久しぶりに見る彼が放つオーラは相変わらずとてつもなくて、ぎゅっと胸を掴まれたみたいに、彼から視線を外せなかった。


彼が何をしている人なのか、無性に気になって、質問がぽんぽんと浮かぶけれど、全部を唾と一緒に飲み込んで、ただただ彼を見上げることしかできない。


暴走族とか組長じゃないといいな…


なんとなくだけど…




光には似合わないから。



いつの間にか、この家にいることがあまり怖く無くなっていて、以前感じていた恐怖なんていうものは消えていた。その代わりに残ったのは、好奇心と…あと、少しだけの切ない気持ち。


どうしてだろう…


怖いはずなのに…直感的に、彼は何もしてこないのではないか…と、そう信じ込んでいる自分が生まれていた。


「調子はよくなったか。」


「はい…おかげさまで…?」


「なんで質問形なんだよ。」


目を少し細める彼に、また、腹の奥がキュッと音を立てる。

気のせいかもしれないけど…光、前より表情柔らかくなったかも…


「帰れそうか。」

「うん…」

「そうか。

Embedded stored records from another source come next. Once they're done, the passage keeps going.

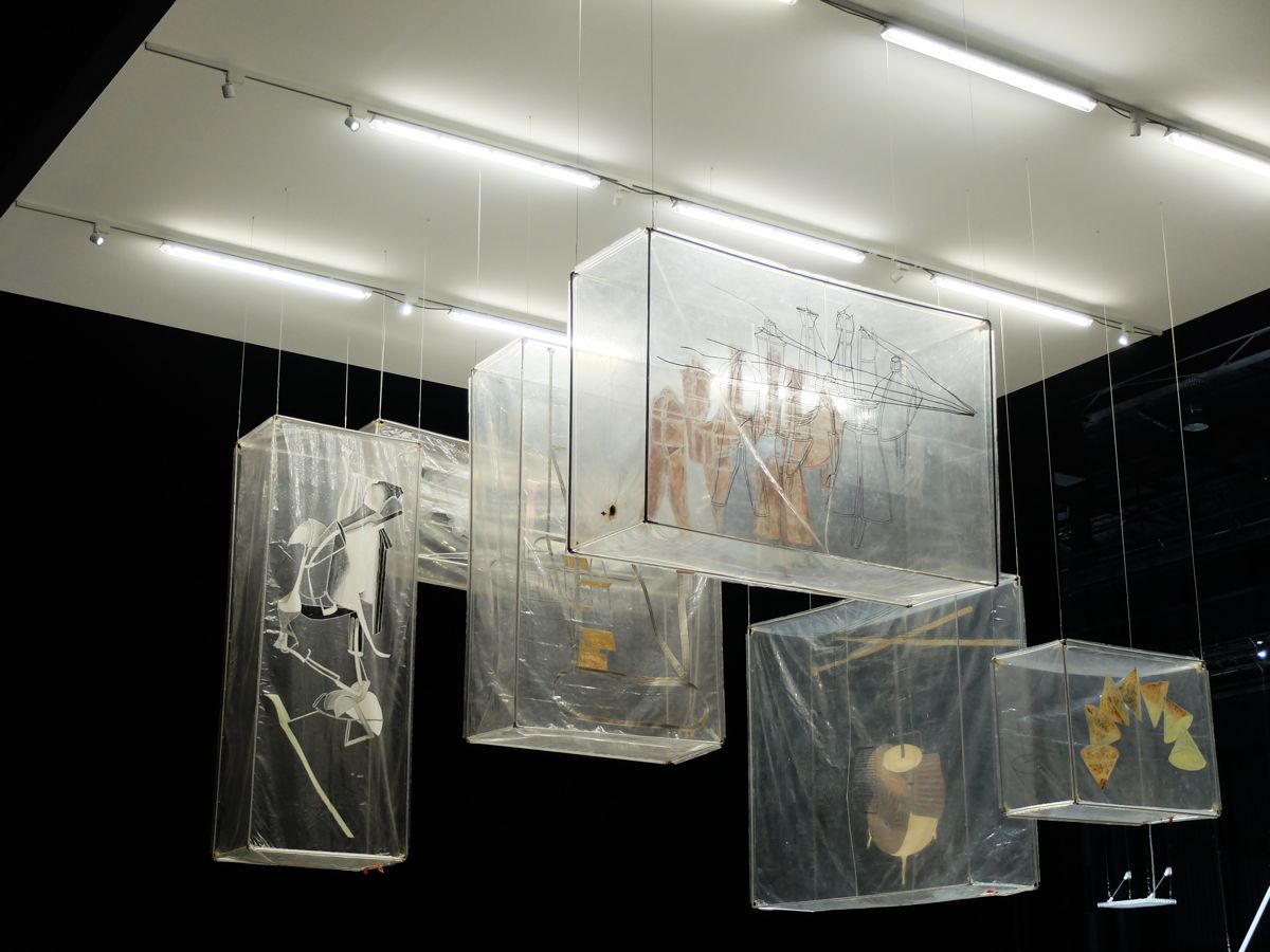 Siamo, quindi, all’interno di una conversazione. Motivo per cui troviamo set elements for “Walkaround Time” 1968, di Jasper Johns. Sette strutture trasparenti che riproducono immagini de Il Grande Vetro di Marcel Duchamp, ideate per l’omonima performance del coreografo americano Cunningham.
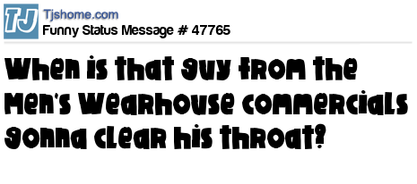 X When is that guy from the Men's Wearhouse commercials gonna clear his throat?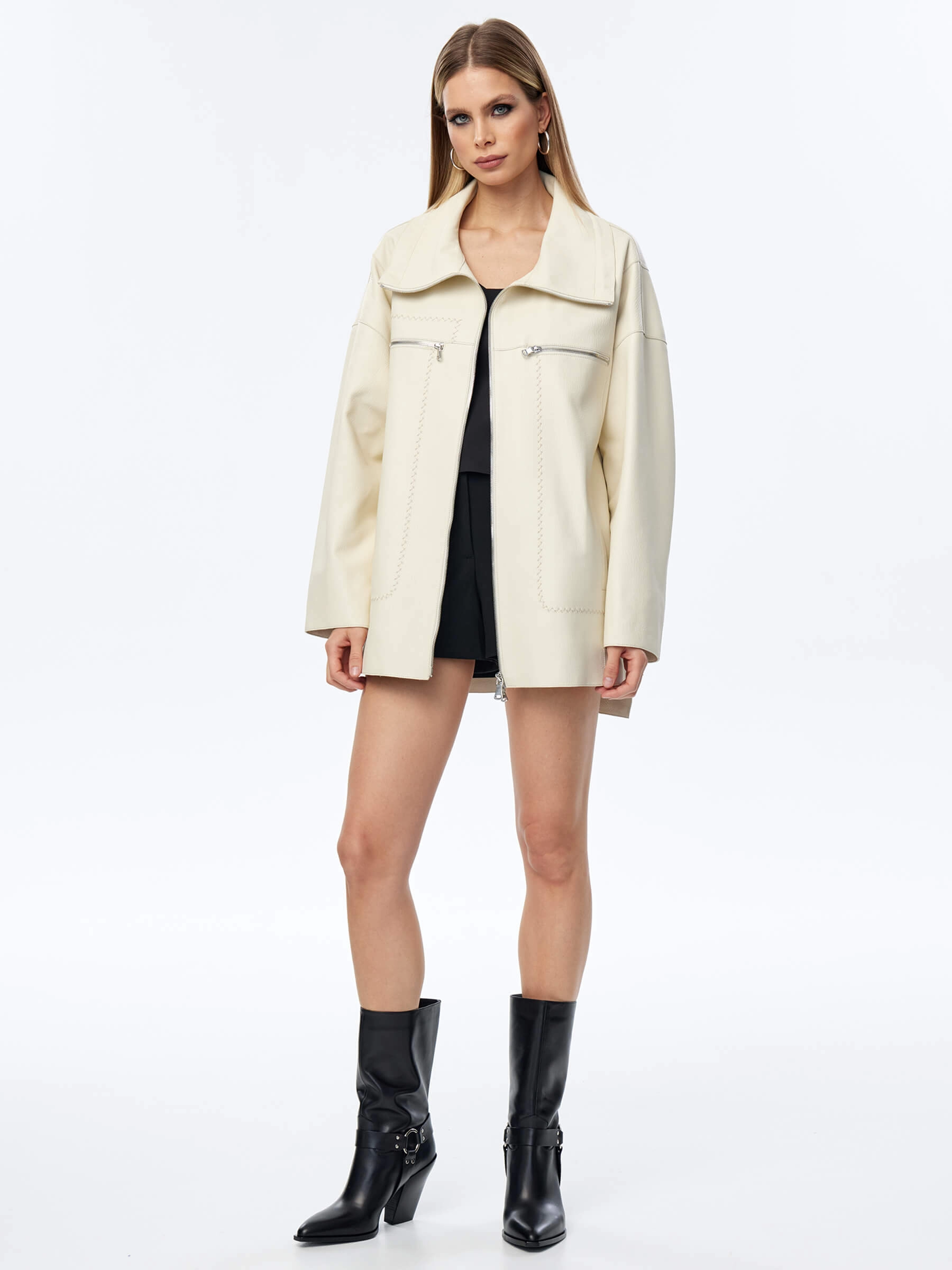 Удлиненная куртка силуэта оверсайз застегивающиеся встречной крупной молнией, выполнена из мягкой фактурной кожи премиум класса. Спущенная линия плеч. Воротник-стойку можно трансформировать в отложной. Великолепная свобода движений. Детали модели подчеркнули двумя нагрудными карманами и зигзагообразной строчкой.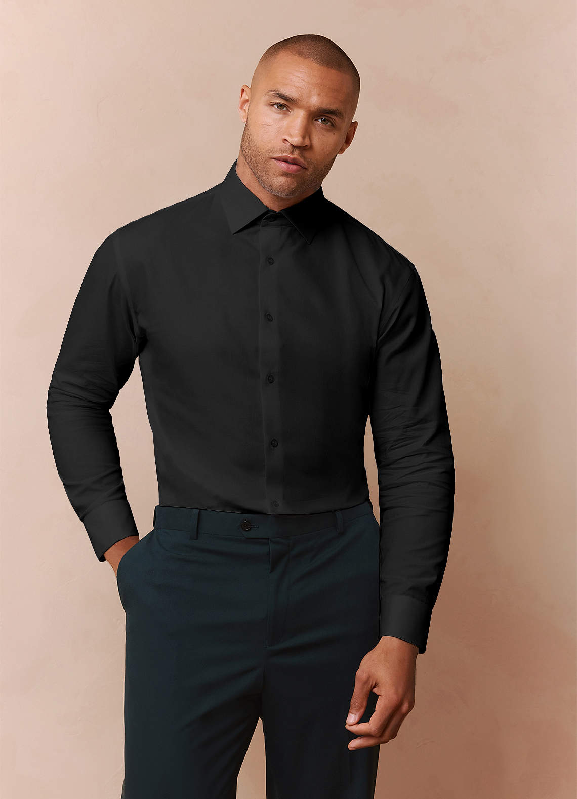 Jermyn 검은색 100% 면 논아이언 드레스 셔츠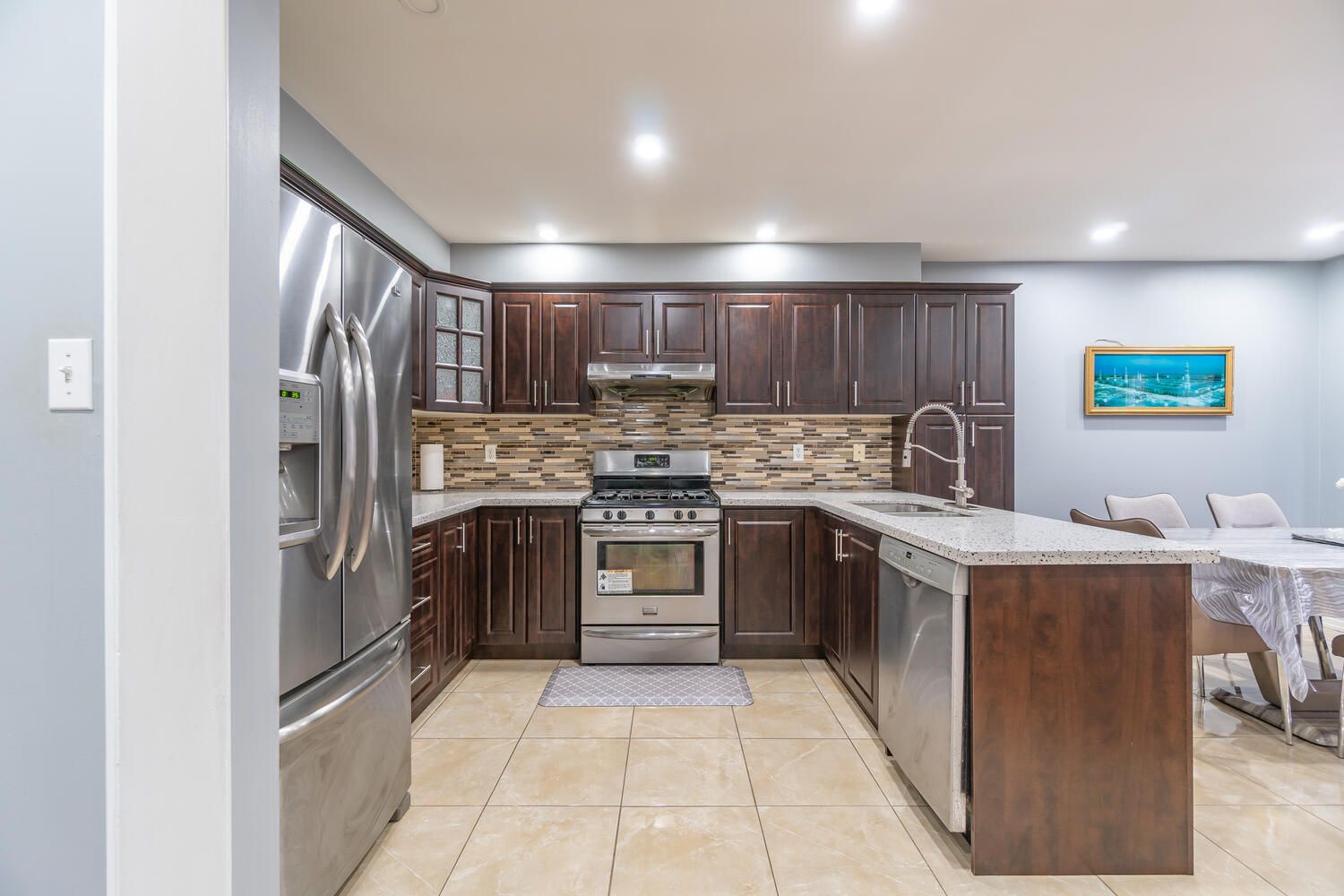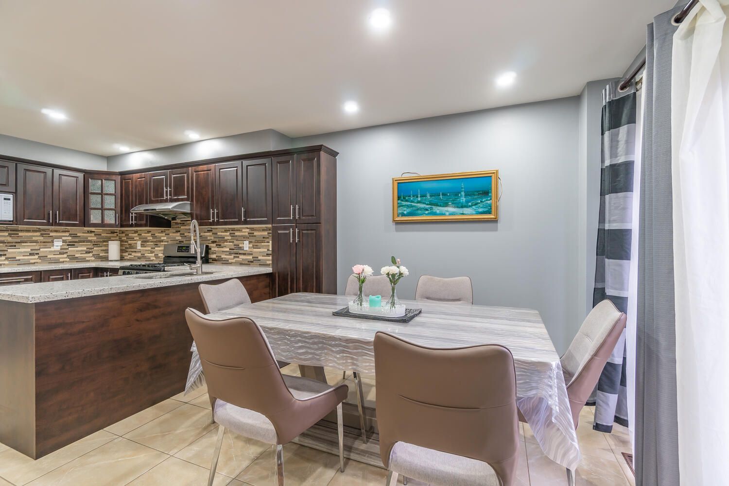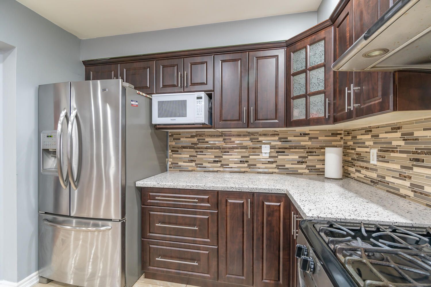 • Gorgeous kitchen featuring granite countertops and ceramic tile accents.

」


光は、わたしを名前で呼ばない。

いつも、『おい』、とか、『お前』、とか、『なあ』、とかしか言ってくれない。

まあいつもって言っても、ここ一週間の話なんだけどね。


きっと今度こそ、もう、二度と光には会わないような気がしていた。

だって、きっと光はどこかのお偉いさんで、わたしなんかがそばにいたらいけない人なんだ。

そして、きっとわたしはバイトをクビになっているから、コンビニに行かない限り、きっと会えない。

光はきっともうコンビニには来ない。


『きっと』だらけだけど、きっと、もう光に会うのはこれで最後なんだ。


なぜだかわからないけど、わたしの勘がそう言っていた。


「お前は、泣かねえよな。」


いつの日か聞いたその言葉を、光はわたしの瞳を射るように見つめてそういった。


「変だよね。」


同じ言葉をわたしは返した。

ふわっと笑えば、光は眉間にしわを寄せて、心底嫌そうな顔をした。


光はきっとわかってる。

わたしのうさんくさい笑顔。心から笑ってねーだろ、って、そう嘲笑われているような気がした。


でも、それをあえて言わないんだ。

そしてわたしも何も言わない。


しばらく沈黙が続いた。

静かな部屋に、わたしの心臓の音だけがうるさく騒ぎ出す。